Oh boy. This is tricky explaining this like I’m 5. There’s so examples in my own way though! PM me if you need more of an explanation.

Text burstiness is like when you talk a lot all at once, and then don’t talk for a little while. Text perplexity is like trying to figure out what someone is trying to say when they talk like that. A large language model is like a really smart robot that can understand and talk using words, and we use text burstiness and perplexity to measure how well it’s doing its job.

Anonymous 0 Comments

Text burstiness (in regards to GPT-0; it’s slightly different depending on what you’re talking about) has to do with the fact that human beings tend to write a bursty fashion while machines tend to write in a uniform fashion. So a human written text would have short sentences intermixed with long ones while a computer-generated text would have mostly sentences of the same length (this is primarily what GPT-0 is detecting). In terms of measuring it, you’re normally looking at the probability distribution. Nice, neat probability distributions (like normal distributions) mean a computer. Messy probability distributions mean human.

Perplexity deals with the amount of information in the text. Natural language is highly redundant – it’s what enables us to use the same language to communicate in a crowded bar and at an intimate dinner.

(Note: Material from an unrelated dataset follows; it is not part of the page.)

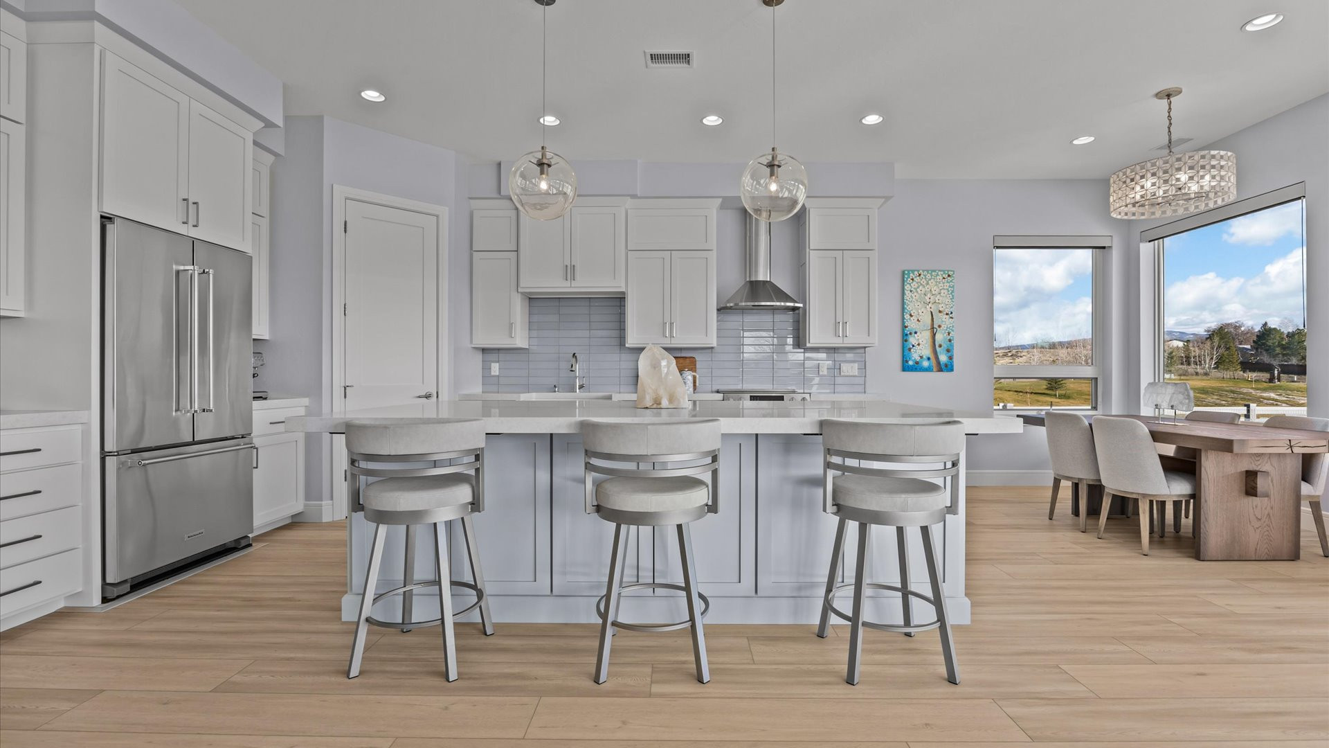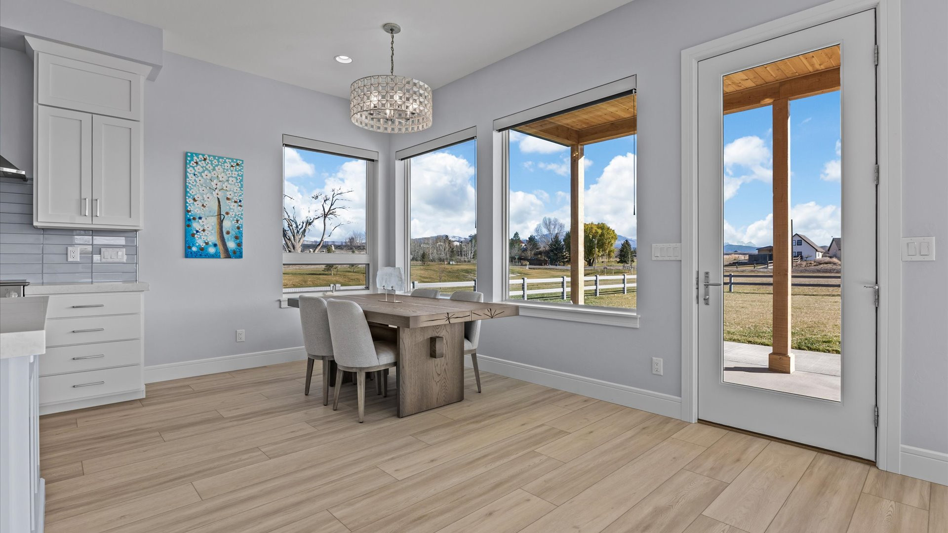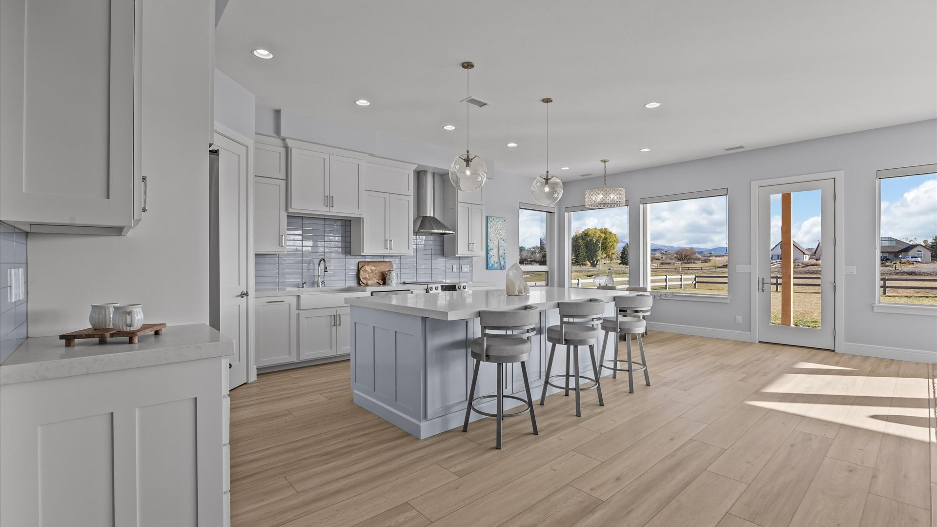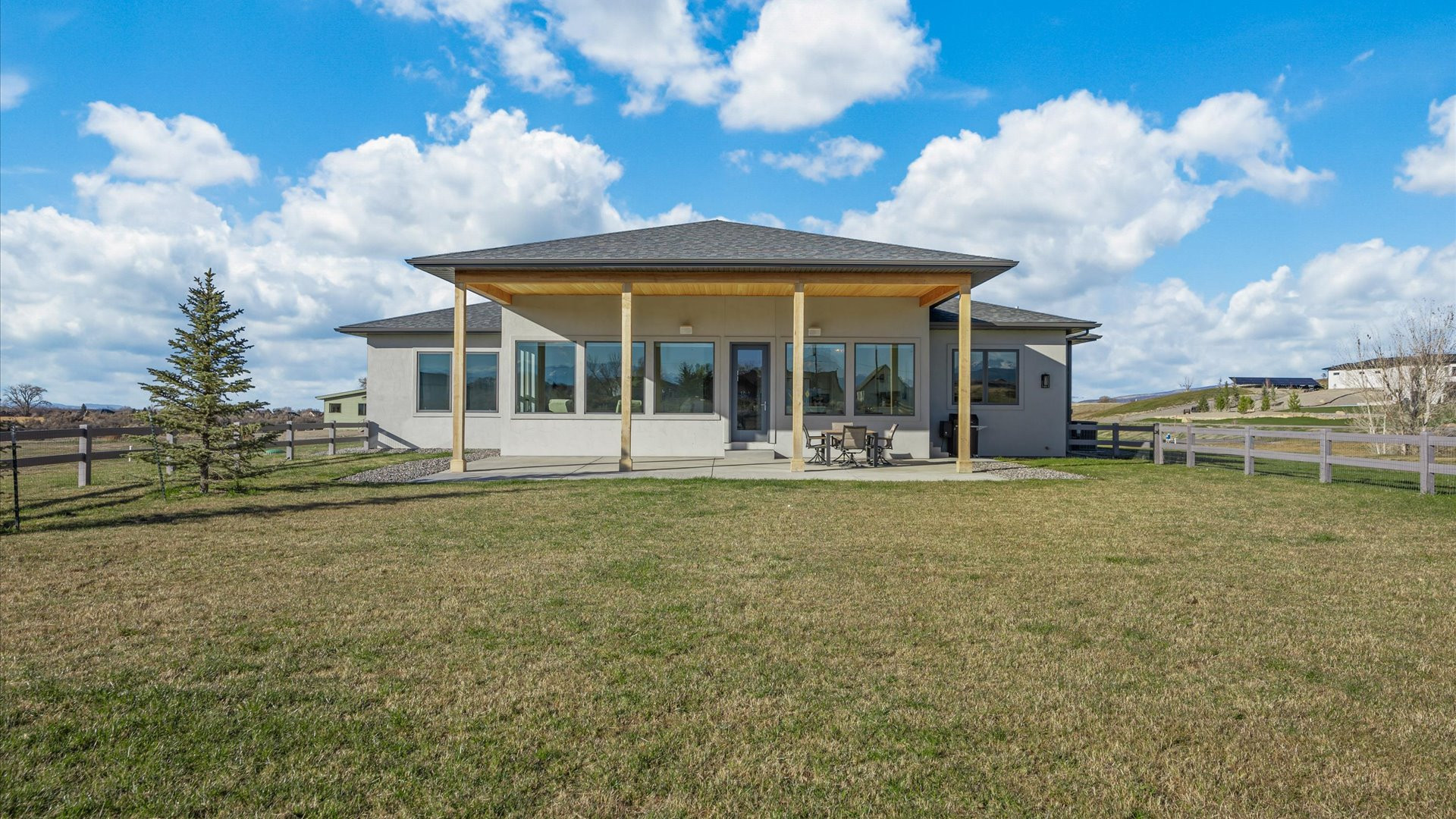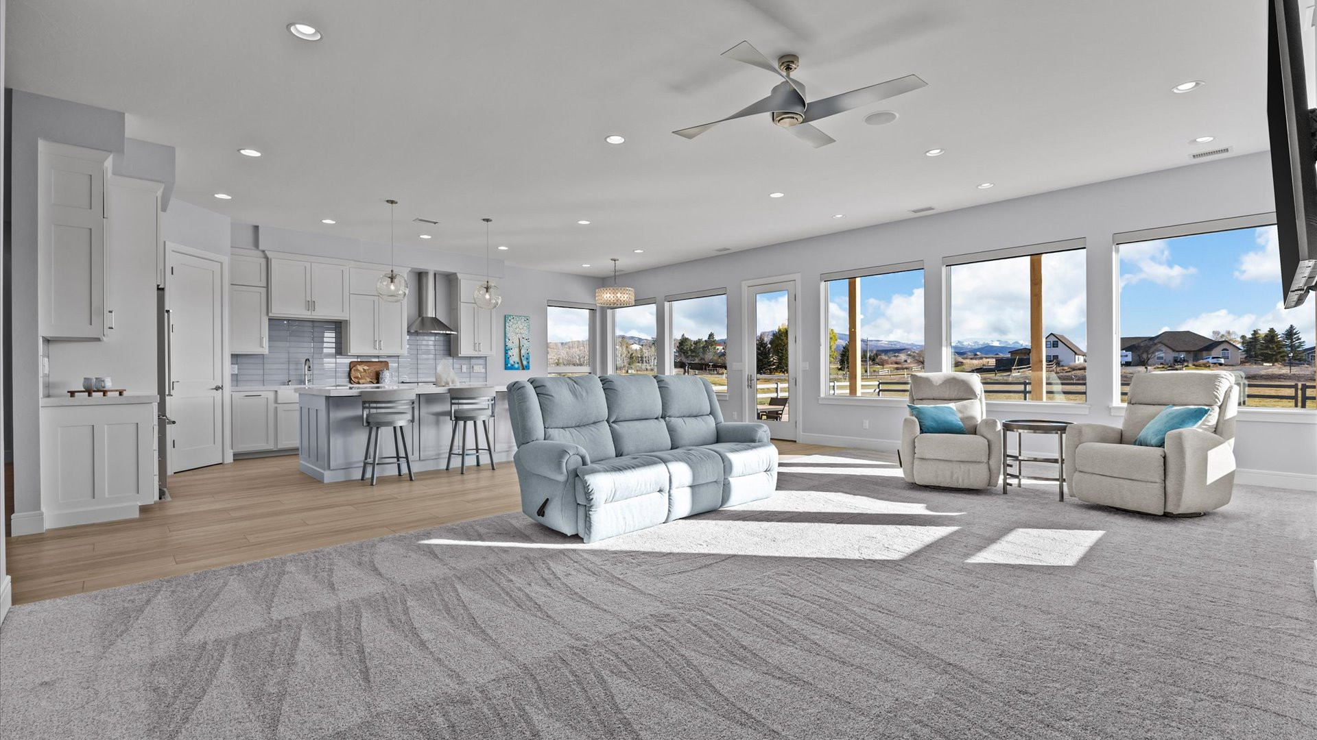 Majestic Mountain Views on 2+ Irrigated Acres! Show-Stopping, Search-Ending, New Construction Masterpiece. Unmatched Workmanship and Finishes inside the walls and out! An idyllic and tucked-away location in south Montrose, Colorado on rolling hills, surrounded by seasonal creeks and greenery. A completely customized thoughtfully upgraded home, one step inside transports you to a wonderland of natural light, meticulous detail, and conscious construction. Eight oversized Enerlux gallery windows unite the kitchen/living/dining spaces across the spanning south facing wall wrap providing 270 degree views capturing the absolutely epic San Juan and Cimarron Mountains, sunrises with the back drop of a magnificent oak tree and fiery red sunsets. The gourmet kitchen of your dreams awaits, providing ergonomic utility combined with beauty and indulgence. Hand-crafted, Amish Wood crisp white and sky blue cabinetry invites the sky and sunshine to expand throughout the kitchen. Designed with mostly drawers for easy access, a double thick, stunning quartz top with an on-trend glass subway tile backsplash that shimmers. Oversized spherical pendants enchant for entertaining at the expansive island that deserves its own sentence. Every detail planned to blend perfectly together and create a relaxing space for your loved ones (and you!) to take a deep breath and relax in your very own, everyday vacation! The smartly designed floor plan provides the perfect amount of space while optimizing views ensuring your living experience is something out of a dream. The en-suite is oversized and has a picturesque spot for meditation or a reading nook under the embracing sparkle of the translucent seashell chandelier. The elevating primary bath pops with a massive, west-facing window, the natural light bringing in a sense of pristine cleanliness. The spacious vanities, serene ergonomic soaking tub, and huge, tiled walk-in shower are complimented with a completely custom matching walk-in closet with waist height drawers and plenty of shelving. A well-planned retreat! Two oversized guest bedrooms each with walk-in closets. A small bonus room could be a home office, nursery or gym. The laundry/mud-room is refined with an elevated tiled clothes pre-rinse/dog wash station for ease when returning home from a fun adventure. Extra closets are cleverly tucked in throughout the home to provide an organized, clean space and reduce visible clutter. The garage accommodates larger vehicles, toys, and tinkering, with an 18’ door, extra depth and width, with heightened ceilings and windows. The oversized, extended covered and lit back patio is the perfect place to survey the landscape and experience what true peace and tranquility really mean. A home like this is hard enough to find on its own, much less when it’s on 2.3+ irrigated acres, tucked between two creeks and open space to make it feel even more expansive without the added maintenance. Enjoy countless upgrades, including a Warmboard, 4-zone radiant heat system with a 2-zone A/C system, Hellenbrand Whole House Promate Water conditioning system, Hunter Douglas mechanized blinds, over-excavated foundation with a full French drain setup and conditioned crawlspace, upgraded drywall and insulation, 10’ ceilings and so many more. The location is an absolute home run! The Falls at Valley Ranch is perfectly placed just minutes from all the best of what Montrose has to offer; a budding restaurant and brewery scene, unmatched healthcare, trails, open space and parks, boutique and traditional shopping, all without the headache and drama of what you get with urban living. And all of this with a jaw-dropping, dazzling home dripping in luxury! You’ve just found your refuge! Experience 3802 Aspen Grove for Yourself Today!

Even if you lose some of the text, you can still understand what it says.

High perplexity can also involve external factors the AI can’t predict. Consider the sentence: “Alice awoke after Adam”. This is a fairly simple sentence, but the alliteration adds an additional layer of meaning the AI probably can’t see.

AI is also built on probabilistic models, so it struggles when you’re dealing with text where the words/phrases have a high degree of variance in terms of their specificity. Legal documents tend to have high perplexity because they use key words/phrases that have to be *exactly that*. “Involuntary manslaughter” and “unintentional killing” mean the same thing in common language but not legal language.

To some extent, generative AI for text works on the principle of asking “what’s the most likely word after this one?”. In a perfectly perplex text, the AI would always guess incorrectly.